Villiers hopes Environment Bill will survive election

Environment Secretary Theresa Villiers expressed her desire to see the Environment Bill continue its passage through Parliament despite the forthcoming general election as she once again faced questions from MPs over the independence of the Office for Environmental Protection (OEP).

A screengrab of Theresa Villiers in Parliament
Theresa Villiers addressed Parliament at the Environment Bill's second reading

The Environment Bill passed its second reading in Parliament on Monday (28 October), following three hours of debate, which saw MPs raise concerns regarding the lack of detail in the Bill.

In particular, MP Sandy Martin, Shadow Minister for Waste and Recycling, criticised the lack of attention to the waste industry, highlighting that there is currently no mechanism in place to deal with the export of plastic waste to countries without the facilities to deal with it.

Martin also criticised the absence of funding to enable local authorities to meet the Bill’s plans for increased recycling rates, as well as a lack of commitment to improving recycling and composting infrastructures.

Although the Bill has now passed its second reading, the upcoming general election on 12 December means that the Bill will now be dropped and will have to be reintroduced in the next Parliament.

When questioned on this, Villiers remained certain that the Bill will be preserved, saying: “This landmark proposed legislation needs to continue regardless of when Parliament dissolves for a general election.

“I think it is vital that this Bill comes back to the house as soon as possible to ensure that we can embed into legislation the important protections that it includes.”

Independence of OEP questioned

Following the Bill’s second reading, MPs from the Environmental Audit Committee (EAC) questioned Villiers on the government’s Environment Bill at a Parliamentary Select Committee yesterday (29 October).

The MPs reiterated their concerns regarding the independence of the OEP – the new environmental watchdog proposed in the Bill, which will replace the oversight and enforcement powers of the European Commission once the UK leaves the EU.

MP Anna McMorrin challenged Villiers for not taking on the EAC’s recommendations to improve the links between the OEP and Parliament.

Remaining adamant that the OEP will be independent, Villiers said: “It will be independent and it will have a multi-year budget.

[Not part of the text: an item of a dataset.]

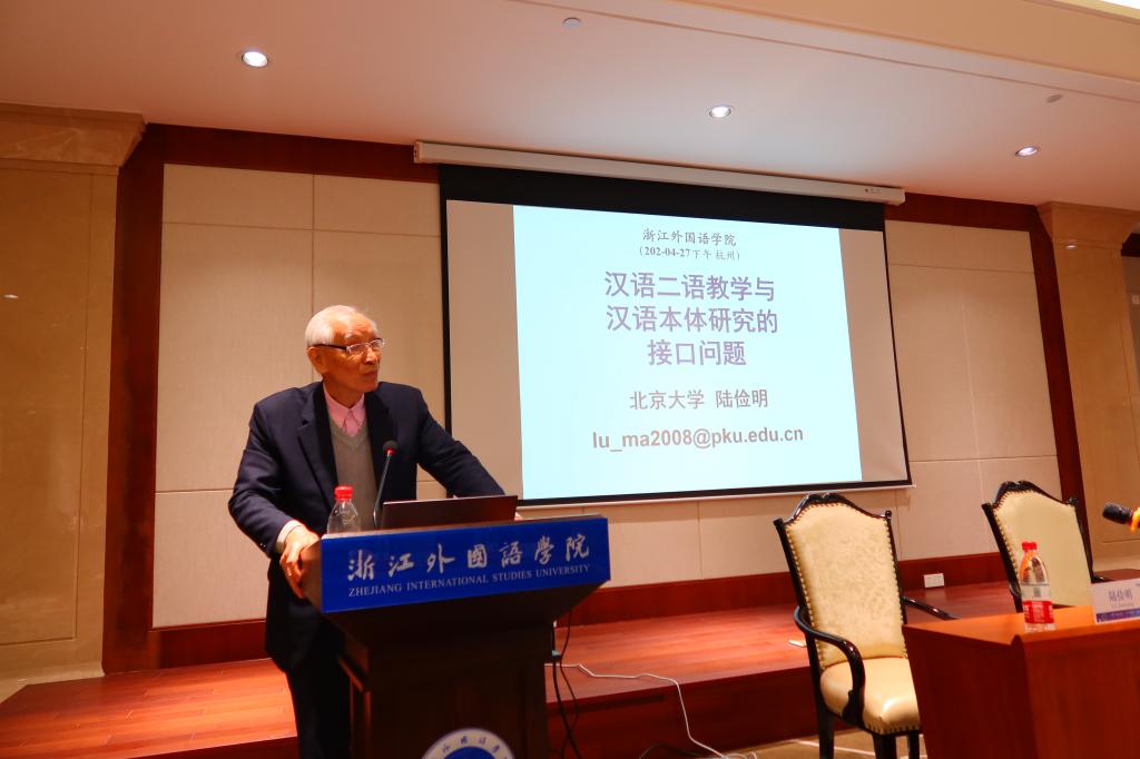 4月27日下午,现代汉语研究著名学者陆俭明教授和马真教授受国际学院邀请,来校作“现代汉语研究与语言教学的创新融合之路”讲座。会场座无虚席,来自开云官网师生及浙江科技学院汉语国际教育专业研究生们百余人共聚一堂,认真聆听两位专家的讲学。

The Secretary of State will have a duty to have regard for the independence of the OEP.

“In terms of appointments, there will be pre-appointment hearings before this committee and the Environment, Food and Rural Affairs (Efra) committee.”

When questioned about the role of the devolved governments in the OEP appointment process, Villiers affirmed that the primary scrutiny process for the appointment of the OEP will lie with the EAC and Efra, and that the devolved administrations will therefore not be involved.

Turning to the Bill’s proposed environmental principles, MP Kerry McCarthy questioned Villiers on why the duty to comply with these principles has not been enshrined in law, but has instead been deferred to a policy statement.

Villiers argued that a policy statement will give the environmental principles greater legislative grounding: “We believe that the greater clarity and more effective approach is to ensure that lawmakers have a clear understanding of their obligations under these principles and the best way to deliver that is through a policy statement.”

When asked when the policy statement will be published, Villers told the Committee that she hopes it will be produced during the course of the Bill’s passage through Parliament.